## What to produce
Exact copy, no pictures: reproduce the lines from the one that holds "一方、1・2年生教室の飾り付" through the end of the entries.
*** Opening of Records for the task ***
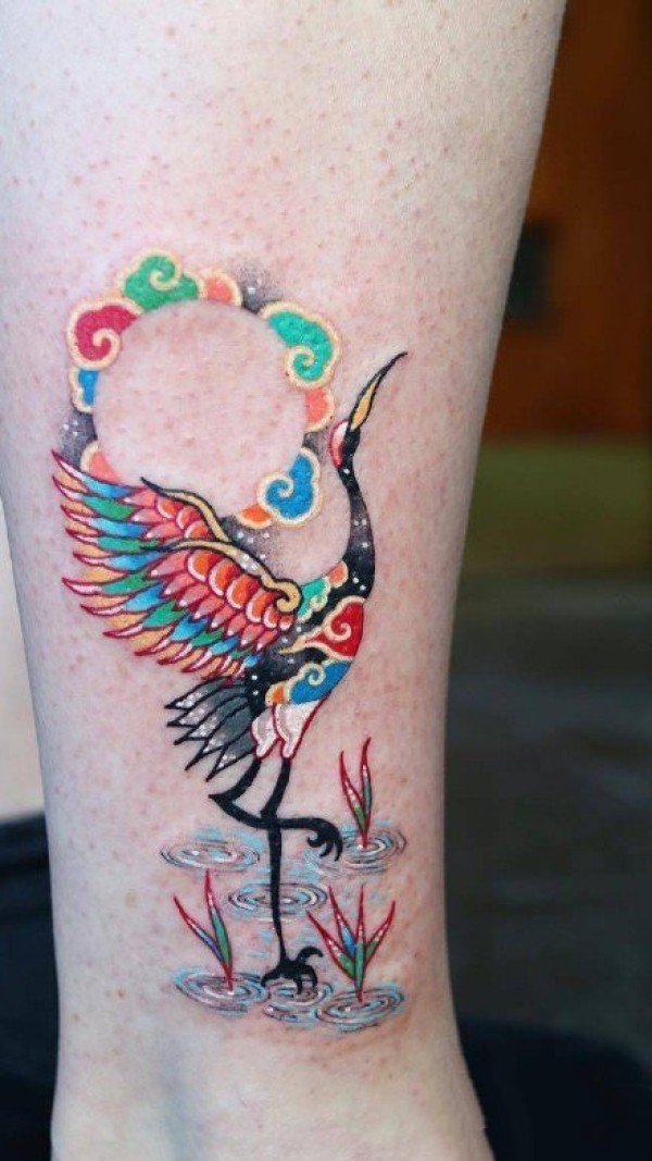 小腿小臂的日式传统炫彩色纹身图片9张
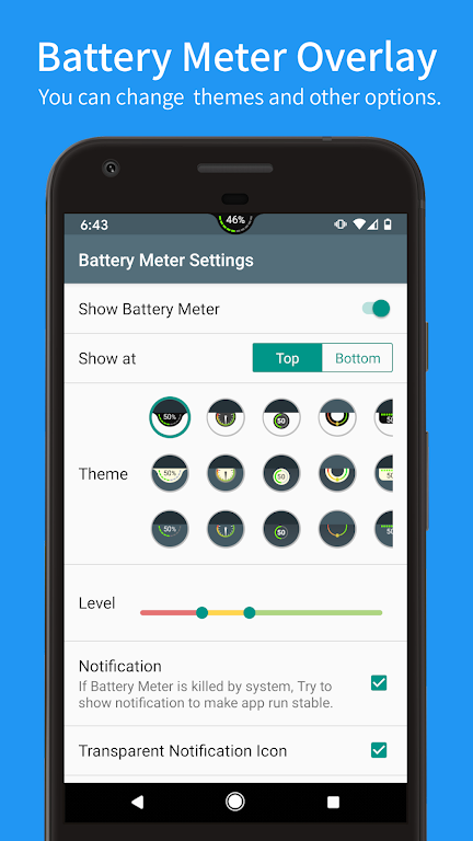 Battery Meter Overlay apk-en ase of the device. Specifically, it can temporarily disappear when you are using any element in full-screen mode.Adjustable Position: The position of the meter is often not fixed in a certain case. Therefore, you will be able to manually move them to locations without affecting the observation.Resizable Display: The size of the application can often scale according to a certain element of the device. This makes perfect sense since meter settings often have to accommodate the corresponding aesthetic factor.
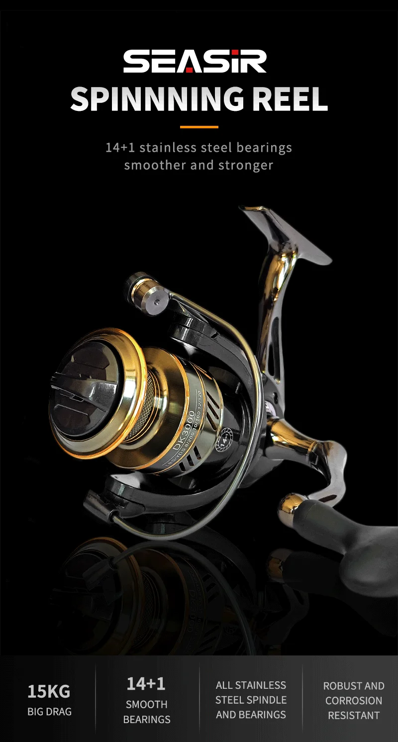 Seasir 14+1 BB 5.2:1 carrete giratorio con relación de engranaje serie 1000-7000 carrete de pesca con copa de alambre de metal para agua salada y agua dulce
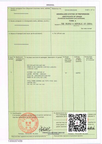 海关局签发|原产地证
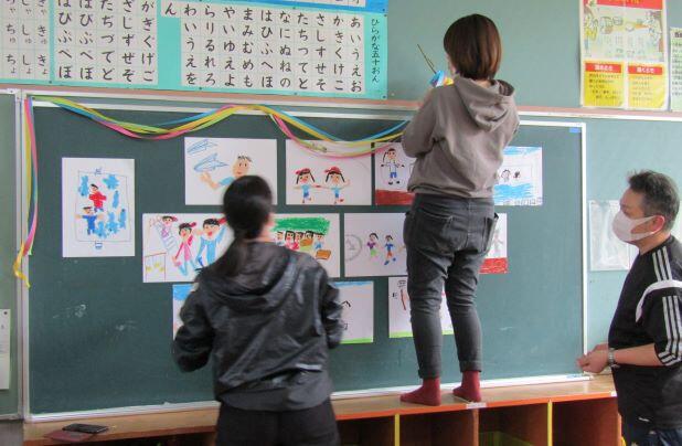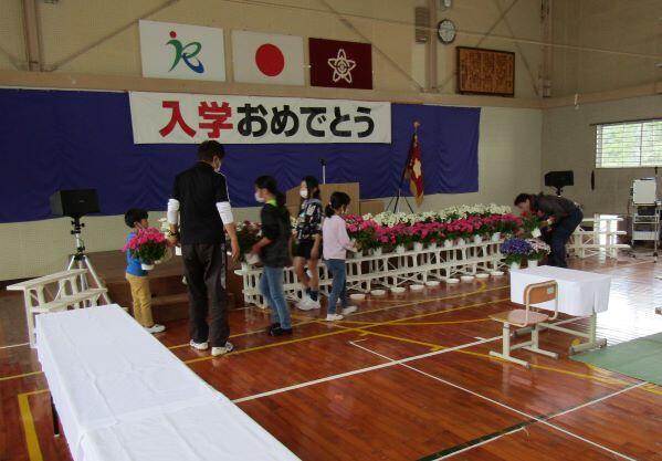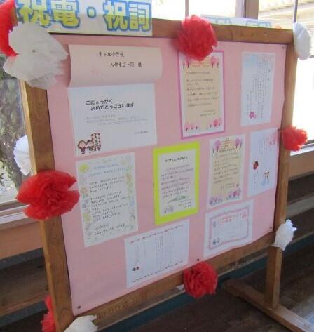 一方、1・2年生教室の飾り付けは・・・?1・2年の担任の先生がコツコツとやっていました。式場ができあがったので、
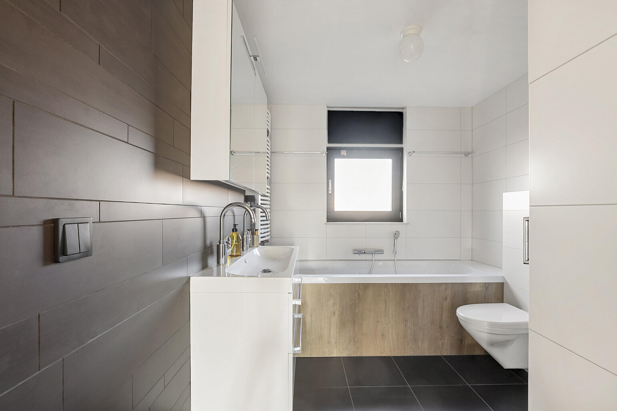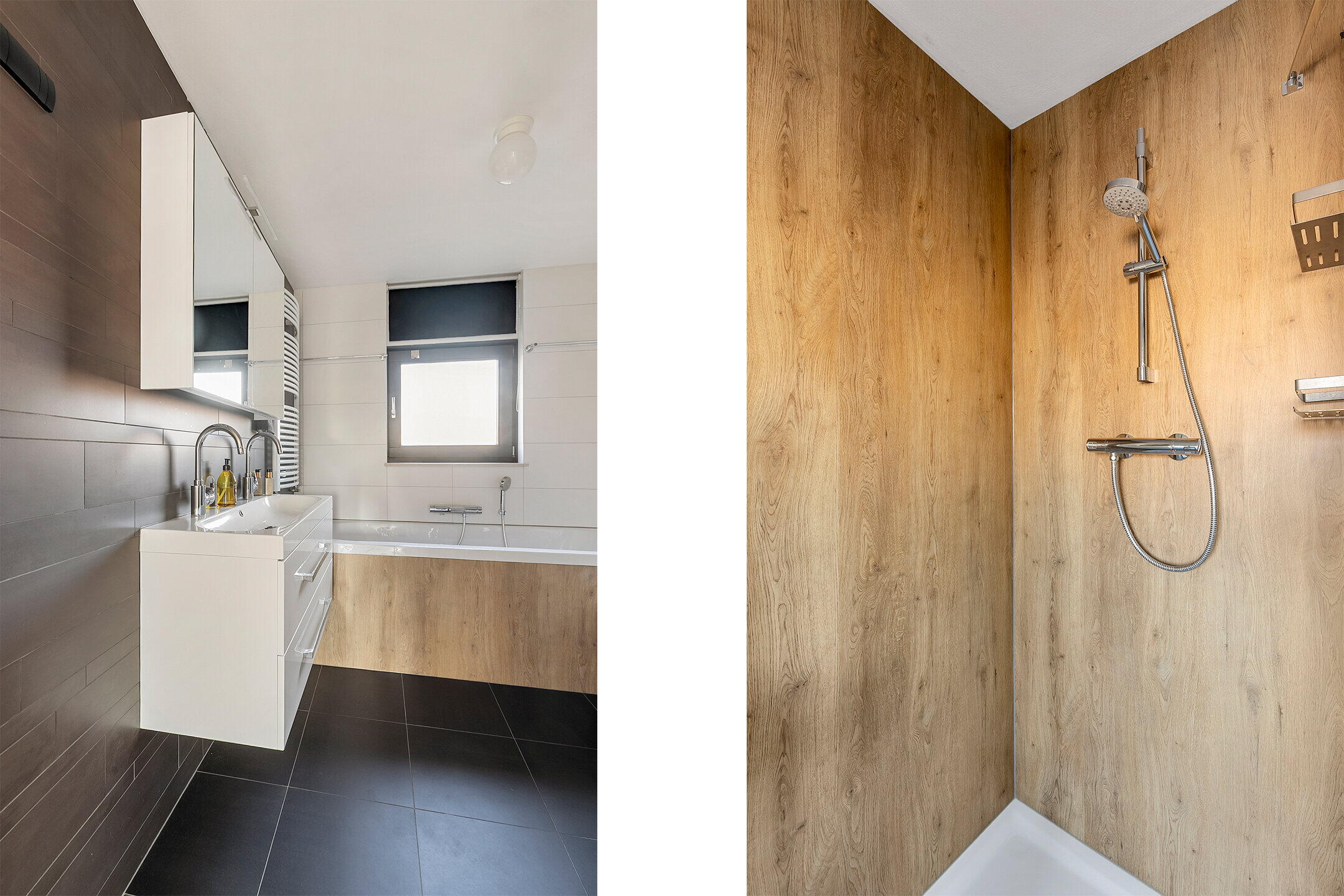 - Ligbad, toilet, douche, dubbele wastafel, wastafelmeubel
*** Close of Records for the task ***
## Answer to this problem
 一方、1・2年生教室の飾り付けは・・・?1・2年の担任の先生がコツコツとやっていました。式場ができあがったので、
 - Ligbad, toilet, douche, dubbele wastafel, wastafelmeubel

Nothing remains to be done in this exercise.